Details on study design:

- Duration of observation period following administration: 14 days , termination on day 15.
- Frequency of observations and weighing:Observations - 1,2 and 4 hours after first dosing and daily thereafter for 14 days. Weighing - Days -1, 1, 8 and 15
- Necropsy of survivors performed: yes
- Other examinations performed: clinical signs, body weight,organ weights, histopathology, other: necropsy was carried out on all animals (gross necropsy examination for both internal and external abnormalities, with particular attention to the treatment site. All abnormalities were recorded.

Sex:

female

Dose descriptor:

LD50

Effect level:

> 2 000 mg/kg bw

Based on:

test mat.

Sex:

male

Dose descriptor:

LD50

Effect level:

> 2 000 mg/kg bw

Based on:

test mat.

Mortality:

None during 14 day post-exposure observation period

Clinical signs:

other: No signs observed considered to be of significance

Gross pathology:

No abnormal changes considered to be of significance

Other findings:

None

 

 

 

 

 

 

Interpretation of results:

not classified

Remarks:

Migrated information Criteria used for interpretation of results: EU

Conclusions:

The acute toxicity of the substance was investigated following dermal administration of a single dose to the rat at 2000 mg/kg. No mortality occurred following dosing and no signs of toxicity were observed. The lack of mortality demonstrates the LD50 to be greater than 2000 mg/kg.

Executive summary:

The acute toxicity of the substance has been investigated following dermal administration of a single dose to the rat at 2000 mg/kg. utilising OECD/EU test methods. No mortality occurred following dosing and no signs of toxicity were observed. The lack of mortality demonstrates the LD50 to be greater than 2000 mg/kg.

 

         

Endpoint conclusion

Endpoint conclusion:

no adverse effect observed

Dose descriptor:

discriminating dose

Value:

2 000 mg/kg bw

Additional information

Data are available from studies investigating effects following exposure via the oral and dermal routes of administration. No significant toxicities were apparent at limit doses of 2000 mg/kg body weight.

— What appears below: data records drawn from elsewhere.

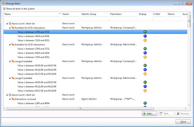 When you are finished, click Close to dismiss the Manage Alerts dialog.
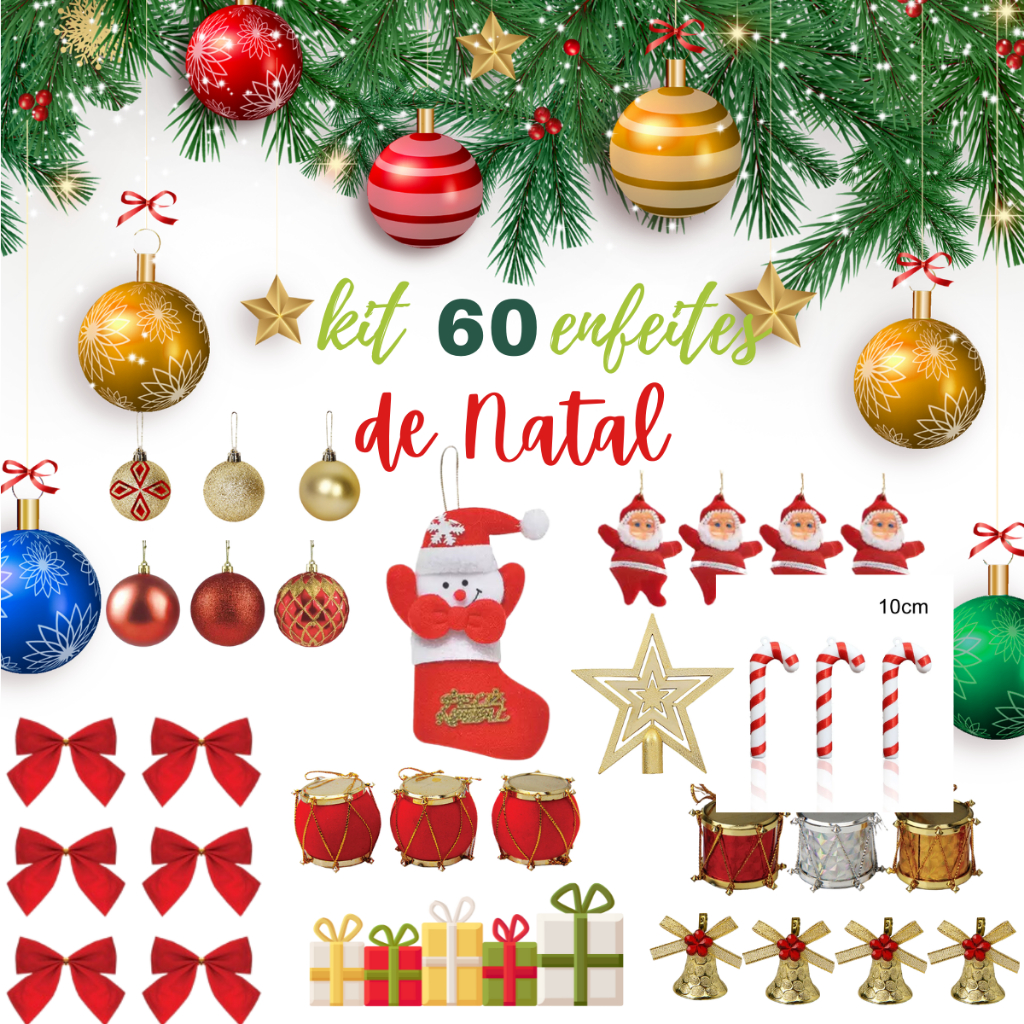 Kit Com 120 Enfeites Natalinos Para Árvore de Natal Bolinhas Presentes Anjo Pinha Festão
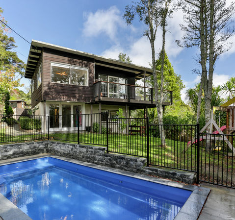 An architectural Titirangi home built by Dutch immigrants in 1972, this light-filled four bedroom residence with heated pool combines classic mid-century style with essential modern comforts.
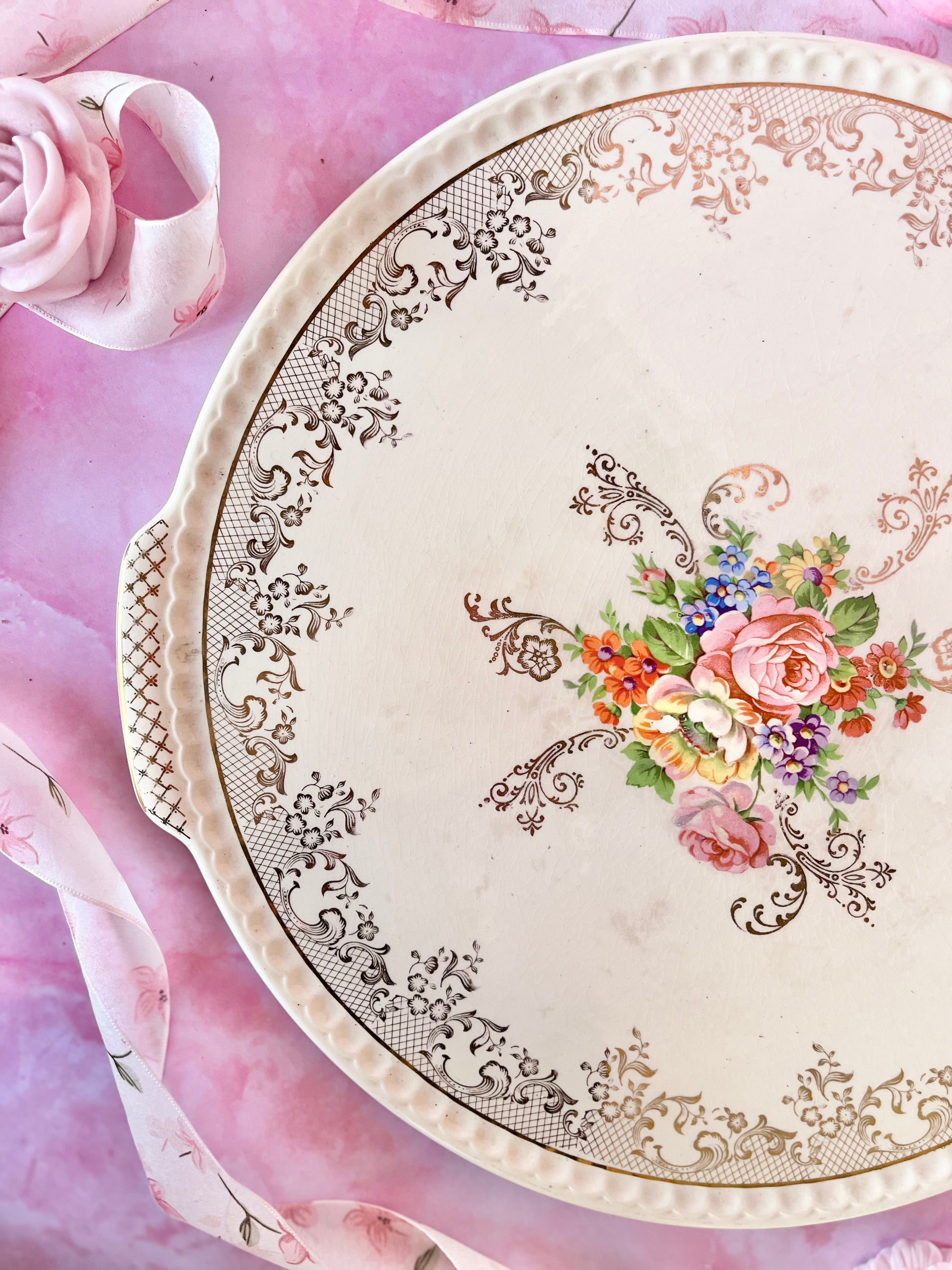 ✨ Grand plat Villeroy & Boch – décor floral et doré ✨

Justification for selection of acute toxicity – oral endpoint
Single study available for evaluation

Justification for selection of acute toxicity – dermal endpoint
Single study available for evaluation

Justification for classification or non-classification

Classification with regard to acute oral and dermal toxicity is not justified based on the observed lack of mortality at a dose level of 2000 mg/kg.